Secondly, the Catholic Church neither paid much attention to exorcism and to the different methods employed by exorcists, nor did it restrict the performance of exorcism to priests until the later years of the sixteenth century. It was only by the late sixteenth century, due to new definitions of “superstition” and to the competition with the reformed branches of Christianity, that exorcism “became important,” its rites standardized, and its use restricted to priests.

 

But a third cause for the growing attention paid to demonic possession and exorcism had to do with a longer term development: Spirit possession became troublesome when more and more lay women started to claim spiritual (divine) possession, and gained growing popularity as prophetesses and mystics. Threatened by this feminization of the access to the divine, the church developed, for the first time in its history, a method for the discernment of possessing spirits. Since the morphology of both divine and demonic possessions was similar, as the number of claimants for spiritual access to the divine grew, the church was more and more likely to discern their possessing spirits as malevolent rather than benevolent.

 

 

            It was the systematic study of methods of discernment that led me to my current project.

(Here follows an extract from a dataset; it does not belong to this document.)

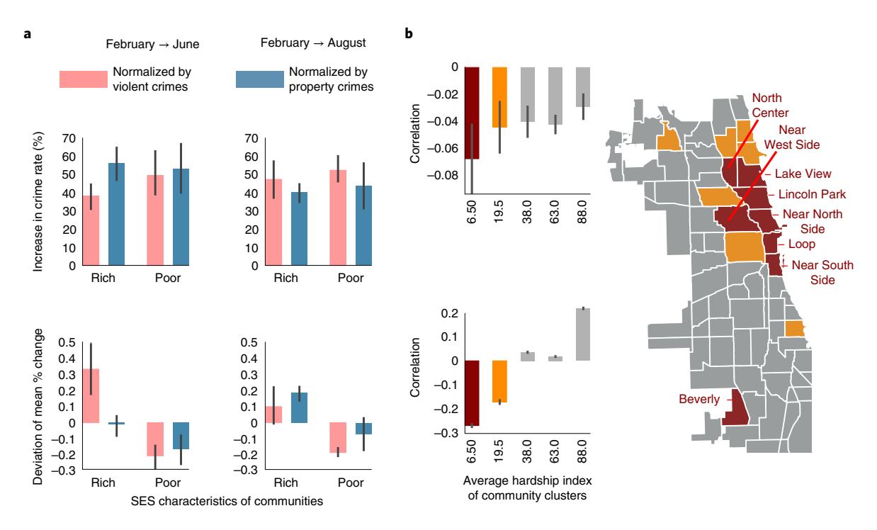 Fig. 6 | Direct observations of the differential response of arrest rate changes with SES variables. a, Upper: increase in violent and property crime rates from February to June or August, averaged over rich (hardship index <20) and poor neighbourhoods (hardship index >20) over 4 years from 2014 to 2017. Error bars show 95% confidence bounds. The average percentage increase in the event rate from late winter to summer is more or less comparable across the city. Lower: the deviation of the mean percentage change in the arrest rate per unit change in crime rate with respect to the city-wide average varies with the average SES of the communities. Wealthier communities see an increase in the arrest rate per unit event, while others experience a draw-down. b, Upper: correlation between the daily change in the number of arrests and their 1 day delayed versions in neighbouring communities with higher hardship indices (μ), versus the hardship index of the communities themselves. Lower: correlation of μ with the average hardship index of neighbouring communities, computed within community groups of similar SES. These results illustrate that, in wealthier communities, the higher the average hardship index of its neighbours, the more negative the μ, whereas this effect vanishes and eventually reverses as communities themselves become poorer. Right: locations of the top two community clusters as per their average hardship indices on a map of Chicago. Note, community colours indicate cluster membership.

It is a common assumption in almost all the historiography of the transition from pre-modernity to modernity that Protestantism made a unique contribution to the creation of the modern world as we know it.  My new project argues that some of the major characteristic of modernity that are attributed to Protestantism, were, in fact, part and parcel of early modern Catholicism.  I intend to examine at least three aspects of the project: the birth of the modern and introspective self; the development of new systems of discernment of difference; and the coming into being of a public sphere.  At this point I am still in a very preliminary stage of collecting material and reading, but have recently published a theoretical article delineating the general framework of my argument.